# RECORDS FOR PROCESSING:
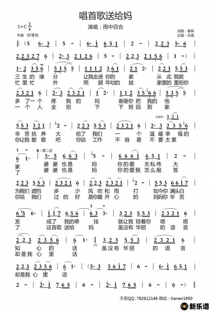 《唱首歌送给妈》简谱 雨中百合-天恩制谱
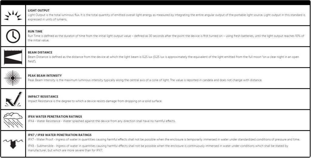 Het American National Standards Institute (ANSI) heeft prestatienormen en symbolen ontwikkeld om de eigenschappen en pluspunten van een hoofdlamp effectief te communiceren. Het zijn de eerste dingen waar je op moet letten bij het uitkiezen van je hoofdlamp.
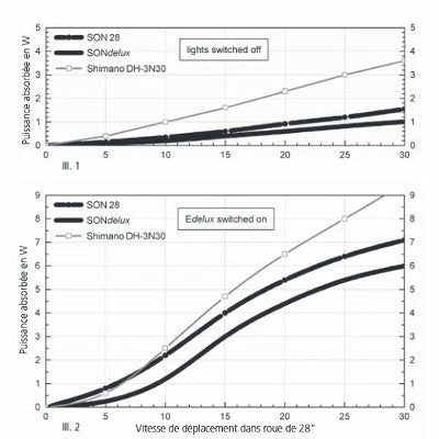 La dynamo qui équipe cette roue est de la marque SON avec le modèle SONdelux. Elle produit un courant dont la tension est de 6 V et la puissance de 3 W. Aux normes allemandes pour les éclairages de vélo, cette dynamo alimente un feu avant de vélo exclusivement à LEDs, comme par exemple le feu Lumotec IQ Cyo de la marque Busch and Muller. Cette dynamo est conçue pour fournir 65% de sa puissance maximale dès 15 km/h.
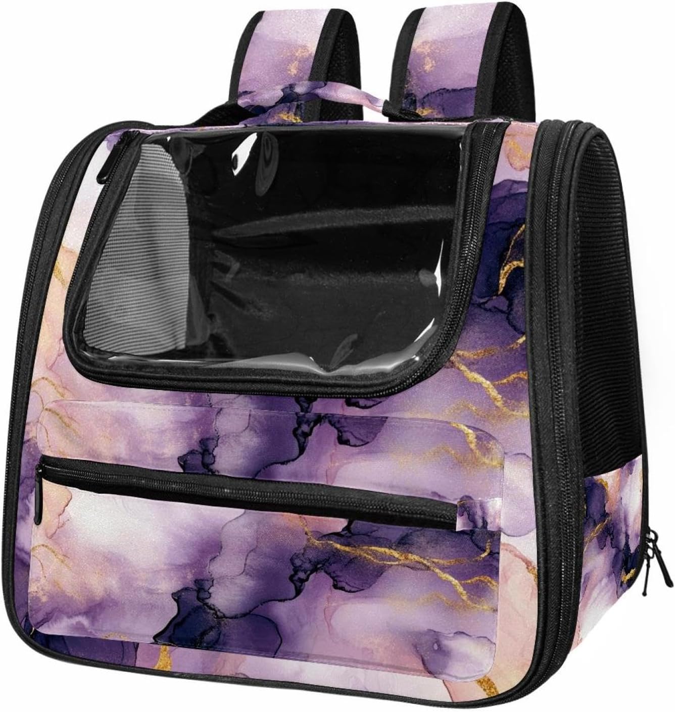 Well made: Cat Backpack Carrier is made from 900D oxford fabric, pp webbing, velvet, nylon, which is very sturdy, environmentally friendly and breathable. Not easily scratched by pet’s claws, pet backpack carrier is SAFETY & ANTI-SCRATCH. The back padding will give you a comfortable and breathable experience. Ventilated Backpack: With a breathable window in the front, this pet backpack allows cats to enjoy the sun without feeling stuffy. There are two side pockets and one big front pocket, and you can take foods or toy for your kitten pet. It is big enough for cat to turn around, and there are side pockets and hook holes, you will enjoy the greatest convenience when taking your cat out. Perfect size: Cat carrier is 15.75x9.84x13.78in/40x25x35cm. Fits most small/medium sized cat, dog, and pet. Quality fleece bed provide a comfortable place for your pet. Lightweight and easy to carry to all places. Built-in harnesses keep your naughty friends from escaping. Removable cosy mat for easier cleaning and let your pet enjoy it inside. Easy to carry: The adjustable shoulder strap of pet carrier bag help you hands-free carrying and makes it the most safe and convenient pet carrier bag for your travel. Seat belt design provide pets with safety protection throughout the trip. Pad protection keep your pets comfortable during travel. Unique Design: Innovative inside graphic design gives you a stereoscopic 3D visual experience. You also send us the photos you interest to make your unique dog or cat carrier. Pet bag is also a amazing gift for pet lover.
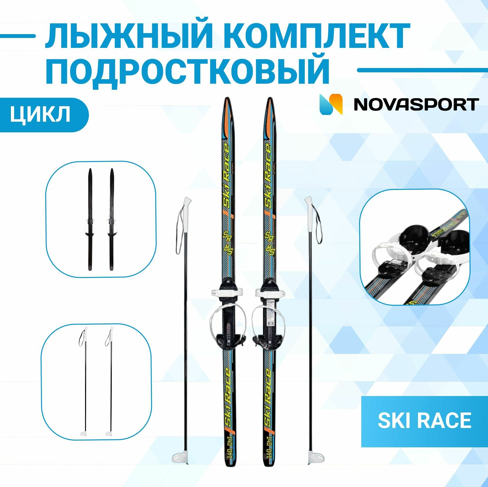 Лыжи Цикл "Ski Race", подростковые, с палками, 140/105 см (332485-00)

# ABOUT THIS EXERCISE:
Only the lines from the one containing "Well made: Cat" through the end of the listing above should be reproduced, exactly as they stand. Leave the pictures out.

# SOLUTION TO THIS EXERCISE:
 Well made: Cat Backpack Carrier is made from 900D oxford fabric, pp webbing, velvet, nylon, which is very sturdy, environmentally friendly and breathable. Not easily scratched by pet’s claws, pet backpack carrier is SAFETY & ANTI-SCRATCH. The back padding will give you a comfortable and breathable experience. Ventilated Backpack: With a breathable window in the front, this pet backpack allows cats to enjoy the sun without feeling stuffy. There are two side pockets and one big front pocket, and you can take foods or toy for your kitten pet. It is big enough for cat to turn around, and there are side pockets and hook holes, you will enjoy the greatest convenience when taking your cat out. Perfect size: Cat carrier is 15.75x9.84x13.78in/40x25x35cm. Fits most small/medium sized cat, dog, and pet. Quality fleece bed provide a comfortable place for your pet. Lightweight and easy to carry to all places. Built-in harnesses keep your naughty friends from escaping. Removable cosy mat for easier cleaning and let your pet enjoy it inside. Easy to carry: The adjustable shoulder strap of pet carrier bag help you hands-free carrying and makes it the most safe and convenient pet carrier bag for your travel. Seat belt design provide pets with safety protection throughout the trip. Pad protection keep your pets comfortable during travel. Unique Design: Innovative inside graphic design gives you a stereoscopic 3D visual experience. You also send us the photos you interest to make your unique dog or cat carrier. Pet bag is also a amazing gift for pet lover.
 Лыжи Цикл "Ski Race", подростковые, с палками, 140/105 см (332485-00)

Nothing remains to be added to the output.